### [ASSIGNED TASK]
Starting with the line that contains "Wuhan, 07/11/2017 (El", give again exactly and only each line through the end of the records; include the last line and exclude pictures.

### [SUPPLIED MATERIAL]
◇ ◇ ◇ ◇ ◇

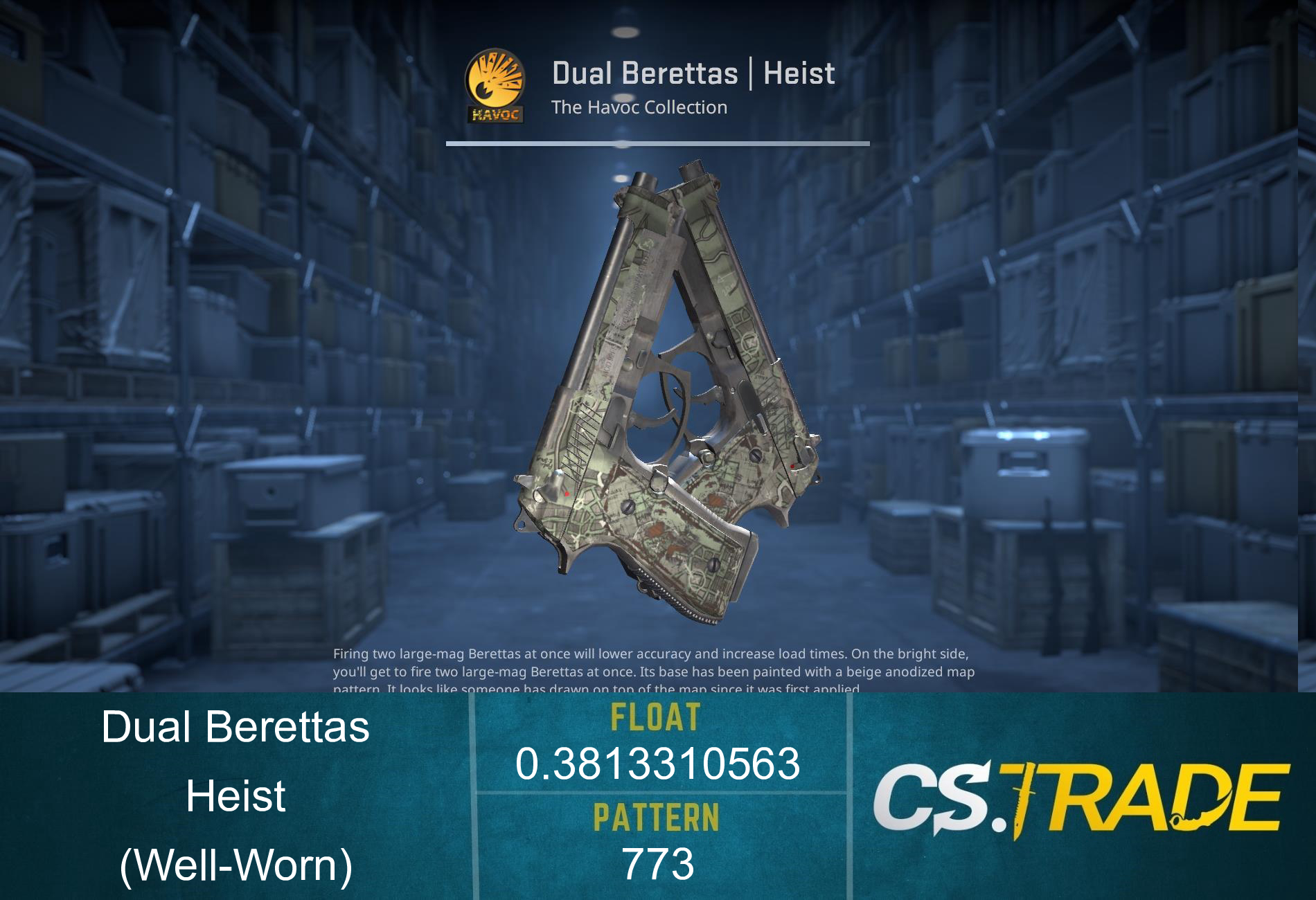The 'Dual Berettas | Heist' skin is a valuable and esteemed item in CS:GO's vast arsenal. Its design, featuring a sleek metallic finish, reminiscent of a high-stakes heist, provides a visual appeal that is unparalleled. This skin has witnessed its use in several high-profile tournaments and has been a part of winning strategies. In the trading market, the 'Dual Berettas | Heist' is often traded for its aesthetic appeal and relative rarity. It serves as a trophy for collectors and a tool for professional gamers.
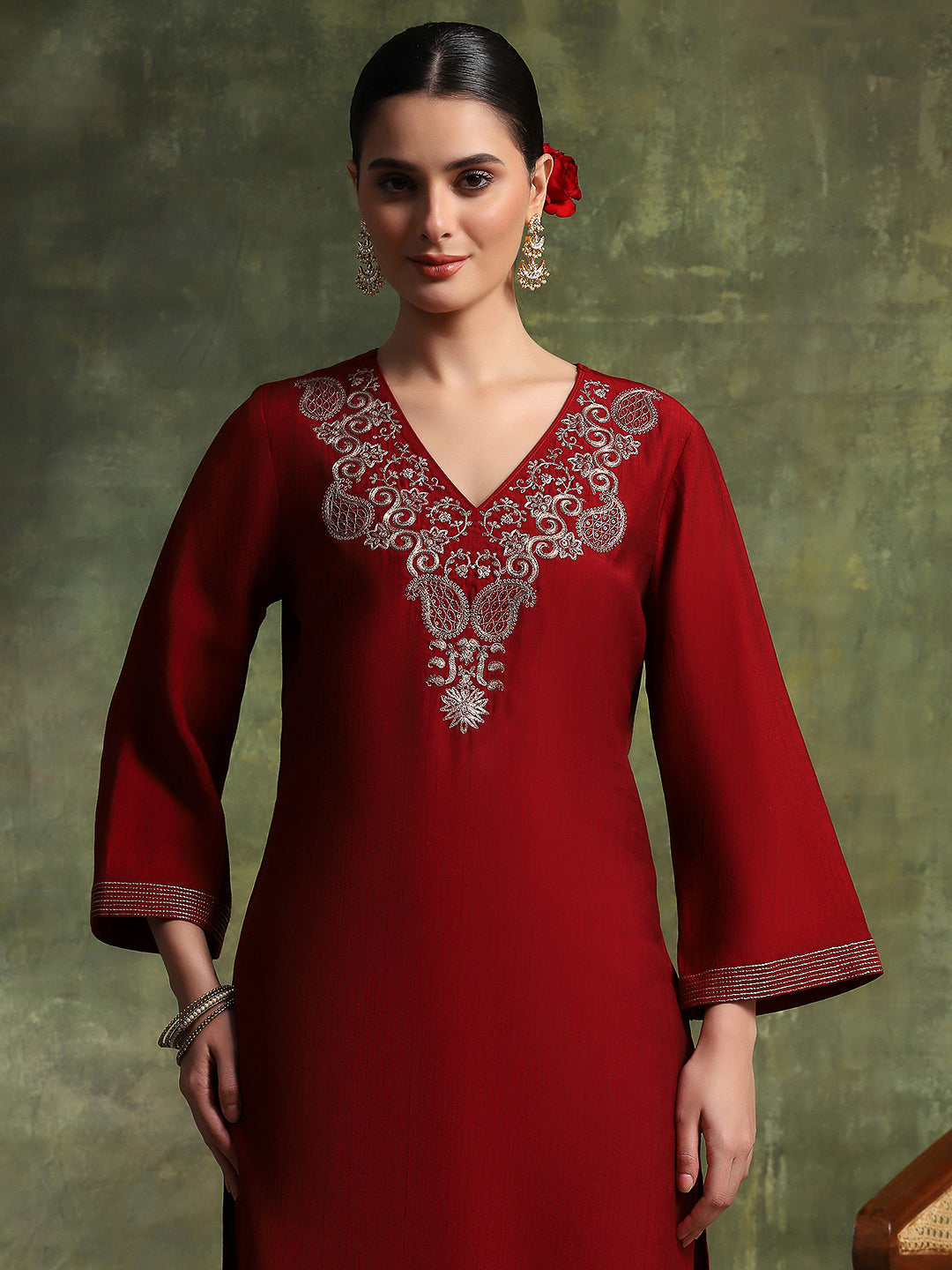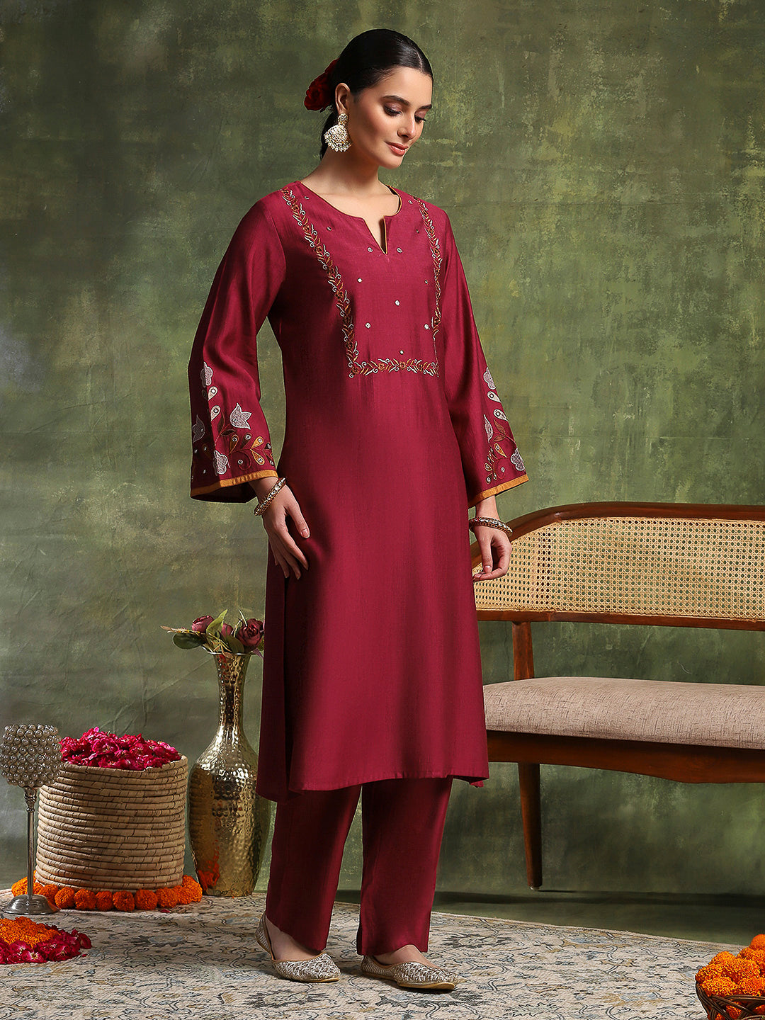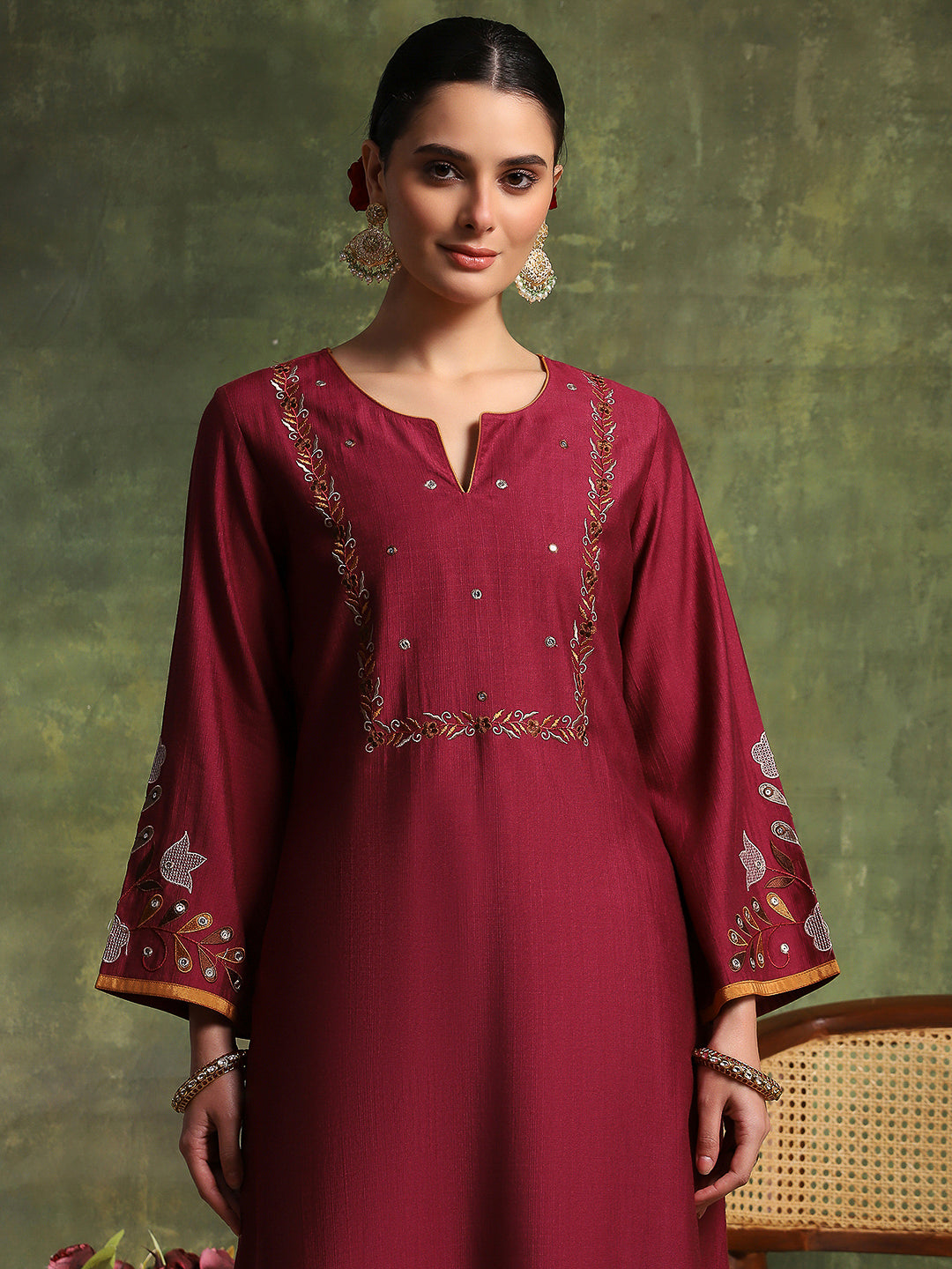 Vetican Embroidered Kurta Set with Bell Sleeves & Khadi Silk Dupatta
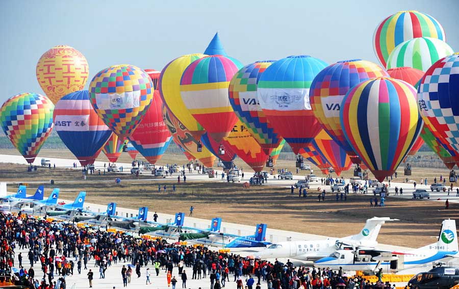 Wuhan, 07/11/2017 (El Pueblo en Línea) -Cien parejas celebran su boda en globos aerostáticos durante la Expo World Fly-in 2017 organizada por la Federación Mundial de Deportes de Aire en Wuhan, provincia de Hubei, el lunes. Con este evento se estableció un nuevo récord mundial Guinessal número de parejas participantes que se casan en el aire. [Foto / VCG]
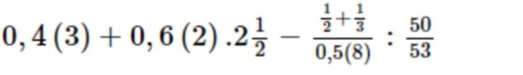 \(0,4(3)+0,6(2).2\frac{1}{2}-\frac{\frac{1}{2}+\frac{1}{3}}{0,5(8)}:\frac{50}{53}\)
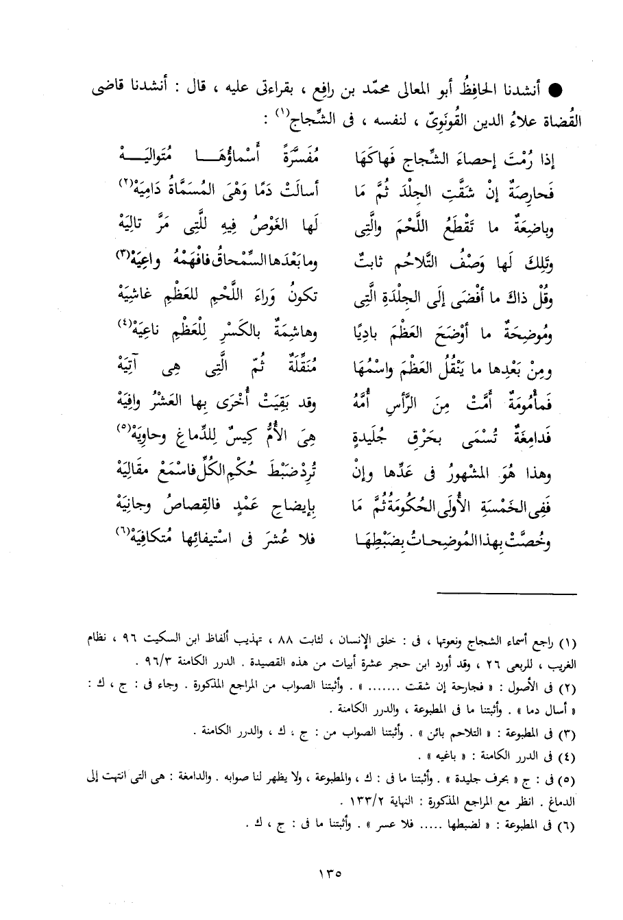 أنشدنا الْحَافِظ أَبُو الْمَعَالِي مُحَمَّد بن رَافع بِقِرَاءَتِي عَلَيْهِ قَالَ أنشدنا قَاضِي الْقُضَاة عَلَاء الدّين القونوي لنَفسِهِ فِي الشجاج
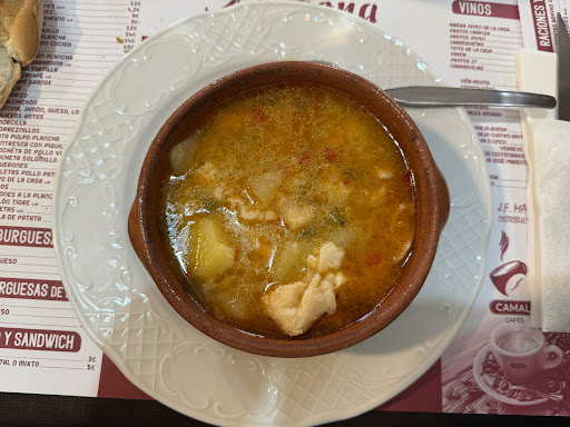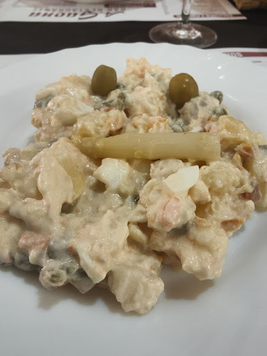 Read moreNos fuimos de fin de semana con amigos y reservamos en este restaurante. Elegimos comer de menú. Había tres primeros (patatas guisadas con bacalao, ensalada de burrata y alcachofas con jamón) y dos segundos (merluza a la plancha o rebozada con patatas fritas y salsa alioli o taco de cochinillo deshuesado con manzana asada). La verdad es que todos los platos estaban muy buenos, incluso nos permitieron repetir de los primeros. La camarera que nos atendió fue MUY amable. Los postres caseros y muy ricos también. Elegimos tarta de queso, coulan de queso y torrija con miel y helado. Un sitio que para estar en un pueblo pequeño, nos sorprendió a todos mucho. Repetiría sin pensarlo, relación...
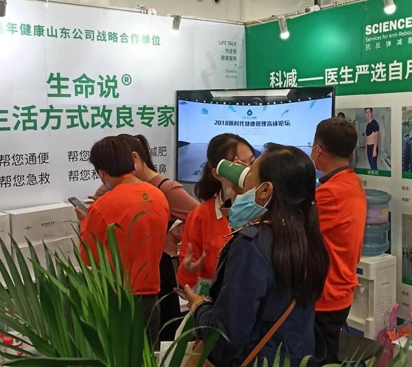 展会上,生命说展位前来参观的人员络绎不绝,热闹非凡。现场工作人员为大家详细讲解,生命说科减抗反弹减脂技术的原理和产品。

◇ ◇ ◇ ◇ ◇

### [WORKED SOLUTION]
 Wuhan, 07/11/2017 (El Pueblo en Línea) -Cien parejas celebran su boda en globos aerostáticos durante la Expo World Fly-in 2017 organizada por la Federación Mundial de Deportes de Aire en Wuhan, provincia de Hubei, el lunes. Con este evento se estableció un nuevo récord mundial Guinessal número de parejas participantes que se casan en el aire. [Foto / VCG]
 \(0,4(3)+0,6(2).2\frac{1}{2}-\frac{\frac{1}{2}+\frac{1}{3}}{0,5(8)}:\frac{50}{53}\)
 أنشدنا الْحَافِظ أَبُو الْمَعَالِي مُحَمَّد بن رَافع بِقِرَاءَتِي عَلَيْهِ قَالَ أنشدنا قَاضِي الْقُضَاة عَلَاء الدّين القونوي لنَفسِهِ فِي الشجاج
 Read moreNos fuimos de fin de semana con amigos y reservamos en este restaurante. Elegimos comer de menú. Había tres primeros (patatas guisadas con bacalao, ensalada de burrata y alcachofas con jamón) y dos segundos (merluza a la plancha o rebozada con patatas fritas y salsa alioli o taco de cochinillo deshuesado con manzana asada). La verdad es que todos los platos estaban muy buenos, incluso nos permitieron repetir de los primeros. La camarera que nos atendió fue MUY amable. Los postres caseros y muy ricos también. Elegimos tarta de queso, coulan de queso y torrija con miel y helado. Un sitio que para estar en un pueblo pequeño, nos sorprendió a todos mucho. Repetiría sin pensarlo, relación...
 展会上,生命说展位前来参观的人员络绎不绝,热闹非凡。现场工作人员为大家详细讲解,生命说科减抗反弹减脂技术的原理和产品。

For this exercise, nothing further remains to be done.